Political Psychiatry in the USSR

The blatant abuse of psychiatry in the Soviet Union already has a long history. Special psychiatric hospitals as prisons for “political criminals” were first established in the late 1930s by Andrei Vyshinsky, the Soviet Prosecutor-General and ringmaster of the Stalinist show trials as a way of dealing with some of the victims provided by Nikolai Yezhov, the head of the secret police. These hospitals were entirely a Soviet invention: the incarceration of innocent people in insane asylums was a rarity in Tsarist days.

The death of Stalin gave rise to a glimmer of hope that the situation would be rectified. In the mid-1950s, a commission set up by the Central Committee of the Communist party to investigate the position of psychiatric institutions in the Soviet Union, reported that hundreds of normal, healthy people were inmates of such institutions. Hospitals in Kazan and Leningrad were filled with victims of the Stalin purges plus a few genuinely mentally-ill people, dubbed “political prisoners” to create a semblance of credibility.

The commission which included several well-known professors of psychiatry and leading communists, concluded that a fundamental reappraisal of the method of psychiatric diagnosis was urgently needed. It also recommended that the existing psychiatric hospitals be converted into first-class medical institutions under the supervision of the Soviet Ministry of Health.

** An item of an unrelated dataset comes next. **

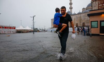 İstanbul’da sabah saatlerinden itibaren yağış etkili oldu. Anadolu Yakası’nda cadde ve işyerleri sular altında kalırken bir çöp konteynerinin sokaktaki yağmur sularıyla birlikte ilerlediği görüldü. İstanbul Anadolu...

The findings of the commission were not even considered by the central Committee. It is believed that the report was sat upon by the Stalinist members of this committee and then quietly put into the archives.

Although repairing many of the effects of Stalin’s misrule, Nikita Krushchev clearly accepted the use of mental hospitals to deal with people who were a nuisance to him. “A crime”, he declared, “is a deviation from generally accepted standards of behaviour, frequently caused by mental disorder. Can there be any diseases, mental disorders, among certain men in a Communist society? Evidently there can be. If that is so, then, there can be delinquencies characteristic of people of an abnormal mind.” (Pravda May 24 1959)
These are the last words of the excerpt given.